可以将文章内容翻译成中文,广告屏蔽插件可能会导致该功能失效(如失效，请关闭广告屏蔽插件后再试):

问题:

Edit: tchrist has informed me that my original accusations about Perl's insecurity are unfounded. However, the question still stands.

~~I know that in Perl, you can embed arbitrary code in a regular expression, so obviously accepting a user-supplied regex and matching it allows arbitrary code execution and is a clear security hole.~~ But is this true for all languages that use regular expressions? Is it true for all languages that use "Perl-compatible" regular expressions? In which languages are user-supplied regexes safe to use, and in which languages do they allow arbitrary code execution or other security holes?

回答1:

In most languages allowing users to supply regular expression means that you allow for a denial of service attack.

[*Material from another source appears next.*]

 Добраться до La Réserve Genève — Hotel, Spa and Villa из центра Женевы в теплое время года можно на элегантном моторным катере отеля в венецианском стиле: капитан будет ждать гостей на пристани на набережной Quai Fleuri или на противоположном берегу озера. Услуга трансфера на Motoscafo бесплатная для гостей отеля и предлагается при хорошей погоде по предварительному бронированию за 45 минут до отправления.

Some types of regular expressions are extremely cpu intensive to execute. So in general it's a bad idea to allow users to enter regular expressions that will be executed on a remote system.

For more info, read this page: http://www.regular-expressions.info/catastrophic.html

回答2:

This is not true: you cannot execute code callbacks in Perl by sneaking them in an evaluated regex. This is forbidden. You have to specifically override that with a lexically scoped

use re "eval";

if you expect to have both interpolation and code escapes happening in the same pattern.

Watch:

% perl -le '$x = "(?{ die 'naughty' })"; "aaa" =~ /$x/'
Eval-group not allowed at runtime, use re 'eval' in regex m/(?{ die naughty })/ at -e line 1.
Exit 255

% perl -Mre=eval -le '$x = "(?{ die 'naughty' })"; "aaa" =~ /$x/'
naughty at (re_eval 1) line 1.
Exit 255

回答3:

It's generally dynamic languages with an eval facility that tend to have the ability to execute code from regular expressions. In static languages (i.e. those requiring a separate compilation step) there is generally no way to execute code that wasn't compiled, so evaluating code from within a regex is impossible.

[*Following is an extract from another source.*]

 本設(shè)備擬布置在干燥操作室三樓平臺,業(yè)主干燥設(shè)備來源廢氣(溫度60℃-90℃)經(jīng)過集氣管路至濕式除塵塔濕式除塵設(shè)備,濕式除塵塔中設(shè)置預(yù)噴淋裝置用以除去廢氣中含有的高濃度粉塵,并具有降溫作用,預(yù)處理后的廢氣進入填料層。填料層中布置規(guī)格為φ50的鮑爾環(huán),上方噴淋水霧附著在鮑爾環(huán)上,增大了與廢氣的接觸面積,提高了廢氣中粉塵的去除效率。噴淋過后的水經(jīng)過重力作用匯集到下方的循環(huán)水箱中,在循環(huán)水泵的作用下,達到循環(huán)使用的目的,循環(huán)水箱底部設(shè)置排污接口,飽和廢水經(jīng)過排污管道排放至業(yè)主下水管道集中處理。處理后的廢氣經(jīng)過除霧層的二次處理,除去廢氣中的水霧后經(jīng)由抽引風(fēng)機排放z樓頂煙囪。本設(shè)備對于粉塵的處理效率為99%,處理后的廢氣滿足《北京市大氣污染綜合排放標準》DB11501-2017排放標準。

Without a way to embed code in a regex, the worst a user can do is write a regex that takes a long time to evaluate.

回答4:

1)Vulnerabilities are found in regex libraries, such as this buffer overflow that affects Webkit and allows any attacker to gain remote code execution by accessing the regex library from javascript.

2)It is a DoS condition in C#.

3)User supplied regex's can be for php because of modifiers. Adding the /e modifier evals the match. In this case system will be eval()'ed.

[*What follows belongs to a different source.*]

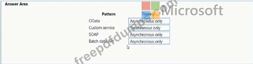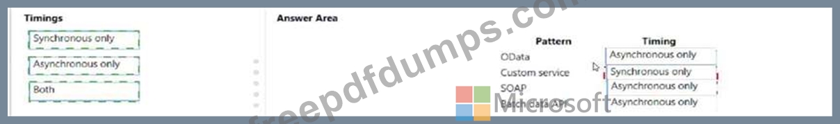What should you recommend? To answer, drag the appropriate timings to the correct patterns. Each timing may be used once, more than once, or not at all. You may need to drag the split bar between panes or scroll to view content NOTE: Each correct selection is worth one point.

preg_replace("/.*/e","system('echo /etc/passwd')");

Or in the form of a vulnerability:

preg_replace($_GET['regex'],$_GET['check']);

回答5:

Regular expressions are a programming language. I don't think they're quite Turing-complete, but they're close enough that allowing your users to enter them into your web site IS allowing other people to run code on your server. QED, yes, it's a security hole.

You might be able to get away with allowing a subset of whatever regexp language you want to use, whitelist a particular set of constructs to make it a not-big-enough-to-sweat-over hole... other people have already mentioned the possible dooms of nesting and * . How much you're willing to let people load down your server is up to you. Personally, I'd be comfortable with letting 'em have one SQL "CONTAINS" statement and maybe a "BETWEEN()". :)

回答6:

I suspect ruby would allow /#{system("rm -rf really_important_directory")}/ - is that the kind of thing you're worried about?

回答7:

AFAIK, you can do it safely in C#: you can supply the regex string to the Regex constructor, and if it fails to parse it'll throw. I'm not sure about others.